Paying for insurance that I don't actually have

Maryjrose

New Member
I have been paying for insurance (deducted from my paycheck) for about 4 months now through the company that I work for. It is vision and dental insurance, and 1800md. I tried to use the dental insurance today and the dentist said that my insurance has been cancelled since Sept 1st! The 1800md insurance had been cancelled on Oct. 23. They were cancelled for no reason, and it is still being deducted from my paycheck bi-weekly. What are my rights? Do they just need to rectify the problem? Reimburse me for what I've paid? I sent an email to the corp. HR tonight. The 1800md problem took about a month to rectify, with the HR saying I was enrolled, and the insurance saying I wasn't. But now I find that I do not have dental&vision that I pay for. I better check my life insurance too.
 
I cannot even begin to tell you how many times I have gotten calls or emails from employees telling me that their dentist, doctor, or eye doctor says their insurance was cancelled, only to find that the dentist, doctor or eye doctor was looking at the wrong account, the wrong account number, or insurance from a previous employer but the same carrier and that the insurance was in place all along. Almost as often, particularly with our dental carrier, the insurance HAS been cancelled, but not because of anything the employer did, but because the **** dental carrier screwed up. You got a little time, I'll tell you about one mistake on the carrier's part that screwed up about 120 employees. They almost lost our contract over that one.
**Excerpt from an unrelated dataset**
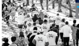
Ormanda doğal ve özel parkurda yapılan Cross Challenge'nin kendine özgü bir katılımcı profili var.

So before you go in with guns blazing demanding reimbursement, it would behoove you to POLITELY report the problem to your HR and see what they are able to do to fix it.
 
If you signed up for insurance and somehow it didn't get recorded, they should be able to fix it and get the coverage and it will be backdated. It happens.
 
They were cancelled for no reason

Nothing in the history of the world has ever happened "for no reason." There's always a reason -- even if you don't know what the reason is or it's a dumb reason.

What are my rights?

Attempting to compile a list of rights would serve no useful purpose whatsoever.

Do they just need to rectify the problem? Reimburse me for what I've paid?

I'm not sure what "reimburse me for what I've paid" means, but your employer should pay to you the money that was deducted from your pay for the cancelled insurance (assuming this wasn't a screw up by your dentist as suggested by "cbg"). Whether you are eligible to have the coverage reinstated depends on facts not included in your post.
 
I would also suggest you make certain the provider had the current card for the current policy (75% of the issues I get are because the card on file is outdated, especially if there is a change in carrier), that they inquired using the correct name (Mary Jane Rose and Mary J. Rose may sound like the same person to you, but may not to the carrier), and the provider was in the network.
 
I can tell you that I have had employees come in to me with similar attitudes to yours, screaming that they don't have insurance they are paying for. 100% of the time it has either been their doctor's office's error, or their own fault for using the wrong card. And-I work for a small company, so I don't have that many people to keep track of. HR and insurance companies are people too and they make mistakes. Do you like being attacked every time you make an error? Then maybe calm down, report the problem to HR politely and ask for their help getting it fixed. You catch more flies with honey.